-->

Friday, May 24, 2013

NLRB employee union rights poster rule thrown out in court

I wrote last year about a controversial new rule by the National Labor Relations Board (NLRB) requiring private employers to post in their workplaces an 11x17-inch poster advising employees of their rights under federal law to form unions, strike, picket, etc. Under the rule an employer’s failure to post the required notice would have constituted an unfair labor practice.

The rule, enacted on August 30, 2011, had been expected to apply to nearly 6 million employers in the U.S., the great majority of which are small businesses. It never went into effect because litigation was promptly filed by several business groups challenging its validity.

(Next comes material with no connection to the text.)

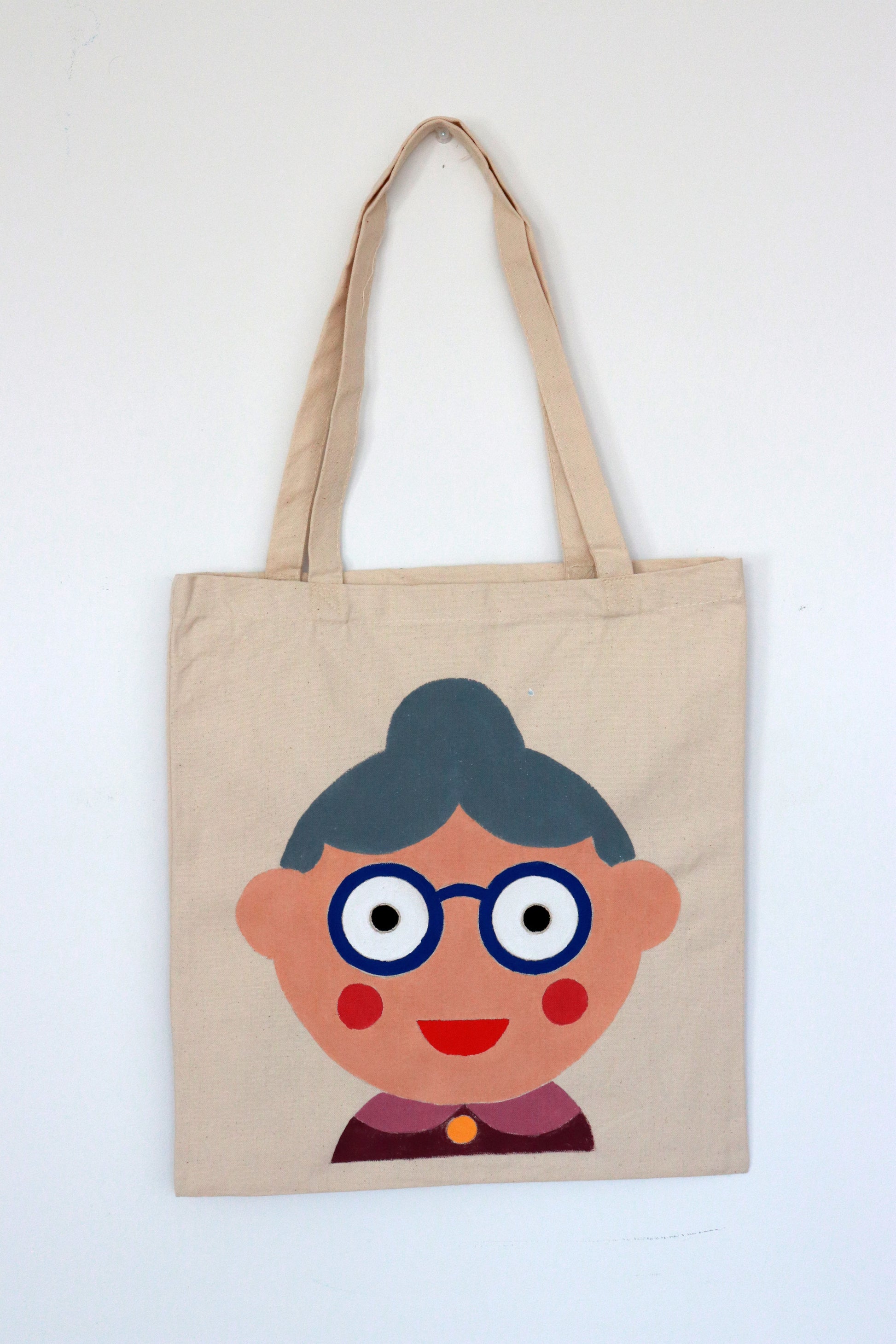 Tote Art son bolsas de algodón ecológico de 280 g/m2 pintadas a mano. Las medidas son 42 cm de alto por 38 cm de ancho, y las asas son de 65 cm. Cada bolsa es una obra de arte única. Preferiblemente no lavar.

As an update I can report that an important federal appellate court has just found that the NLRB acted illegally in enacting this rule, which the court ordered vacated.

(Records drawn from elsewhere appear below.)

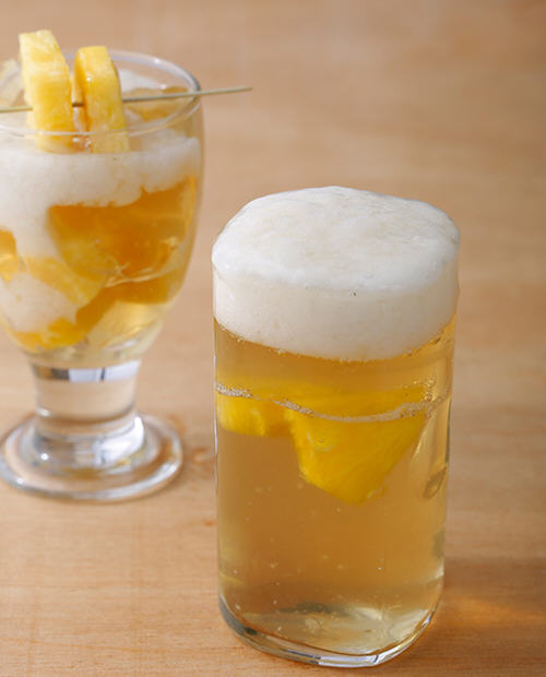 3、将作法2的果冻用果汁机打成啤酒泡泡液,倒入作法1冰好的啤酒果冻,摆上凤梨片作装饰即可。
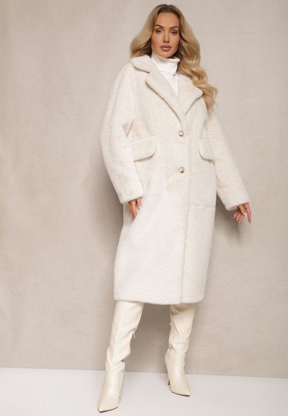 Biały Płaszcz z Futra z Zapięciem na Guziki i Wsuwanymi Kieszeniami Paritha
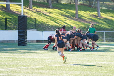 Tense moment of girls rugby fight . Dramatic challenging game for womens rugby team in match day
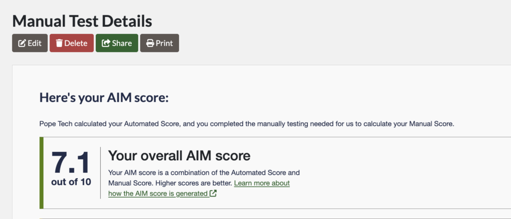 You can now easily share your AIM Score and Accessibility Progress Reports with anyone through a public link, email, or print option.

On May 7, 2013, the Circuit Court of Appeals for the District of Columbia in Washington, D.C. found, in the case of National Association of Manufacturers v. NLRB, that Section 8(c) of the National Labor Relations Act precludes the Board from finding non-threatening employer speech to be an unfair labor practice, or evidence of an unfair labor practice, and that the Board’s new rule violated both prohibitions. The decision was heavily colored by First Amendment free speech principles, but was based on federal labor law and not on constitutional grounds.

“[T]he Board’s rule requires employers to disseminate [government] information, upon pain of being held to have committed an unfair labor practice,” wrote Senior Judge A. Raymond Randolph for a unanimous three-judge panel.  “But that difference hardly ends the matter. The right to disseminate another’s speech necessarily includes the right to decide not to disseminate it.”

“How … can it be an unfair labor practice,” continued Judge Randolph, “for an employer to refuse to post a government notice informing employees of their right to unionize (or to refuse to)? Like the freedom of speech guaranteed in the First Amendment, Section 8(c) necessarily protects—as against the Board—the right of employers (and unions) not to speak.”

In another, similar lawsuit, the United States District Court for the District of South Carolina ruled last year that the Board lacked authority to promulgate the rule. See Chamber of Commerce of the U.S. v. NLRB, 856 F. Supp. 2d 778 (D.S.C. 2012). The appeal in that case is now pending before the U.S. Court of Appeals for the Fourth Circuit in Richmond, Virginia. 


It may well be that the U.S. Supreme Court will need to review this issue. But for the time being employers may ignore the poster rule until further notice.